Created Endpoint: arn:aws:sagemaker:us-west-2:723597067299:endpoint/llava-djl-2023-10-27-09-18-01-391-async-endpoint


In [24]:
import time

resp = sm_client.describe_endpoint(EndpointName=endpoint_name)
status = resp["EndpointStatus"]
print("Status: " + status)

while status == "Creating":
    time.sleep(60)
    resp = sm_client.describe_endpoint(EndpointName=endpoint_name)
    status = resp["EndpointStatus"]
    print("Status: " + status)

print("Arn: " + resp["EndpointArn"])
print("Status: " + status)

Status: InService
Arn: arn:aws:sagemaker:us-west-2:723597067299:endpoint/llava-djl-2023-10-27-09-18-01-391-async-endpoint
Status: InService


In [30]:
import json
import uuid

In [37]:
prompt = "where is the 25 exist in the matrix table?"

In [38]:
payload = {
    "text": [prompt],
    "input_image_s3": "s3://sagemaker-us-west-2-723597067299/llm/llava/input-samples/test_01.jpg",
}

In [39]:
# Upload input data onto the S3
s3_uri = f"llm/inputs/{model_name}/{uuid.uuid4()}.json"
s3_client.put_object(
    Bucket=default_bucket,
    Key=s3_uri,
    Body=json.dumps(payload))

input_data_uri = f"s3://{default_bucket}/{s3_uri}"
input_location = input_data_uri

In [40]:
response = sm_runtime_client.invoke_endpoint_async(
    EndpointName=endpoint_name, 
    InputLocation=input_location,
    ContentType="application/json"
)
output_location = response["OutputLocation"]
print(output_location)
output_key_uri = "/".join(output_location.split("/")[3:])
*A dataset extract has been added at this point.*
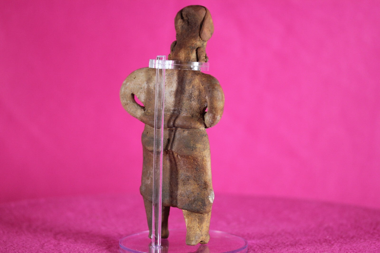 Dimensions: 6 ½ inches tall, 3 ½ inches wide, weighs 156 grams.Description: Rare elderly lady tomb figure wearing a skirt, with large ear spools, necklace, and a headwrap. Leaning forward as if suffering from back pain. Minor chips and abrasions, otherwise intact. Overall excellent condition.Provenance: Ex. Arte Primitivo Fine Art Gallery, February 2025. Ex. Private Nevada collection. Ex. Dr. David Harner collection, Arkansas, 1950’s -1960’s, acquired mid 1960’s to mid 1990’s.

s3://sagemaker-us-west-2-723597067299/llm/outputs/llava-djl-2023-10-27-09-18-01-391/4eb045e7-5999-4aff-93d4-5d6d390ee843.out


In [43]:
try:
    exists = s3_client.head_object(Bucket=default_bucket, Key=output_key_uri)['ResponseMetadata']['HTTPStatusCode'] == 200
    if exists:
        text_obj = s3_client.get_object(Bucket=default_bucket, Key=output_key_uri)['Body'].read()
        text = text_obj.decode('utf-8')
        print(text)
except:
    print("Data is not exist yet. Wait until inference finished or check the CW log")

The 25 exists in the matrix table in the middle row, specifically in the third column.</s>


In [44]:
output = text.split("</s>")[0]
print(output)

The 25 exists in the matrix table in the middle row, specifically in the third column.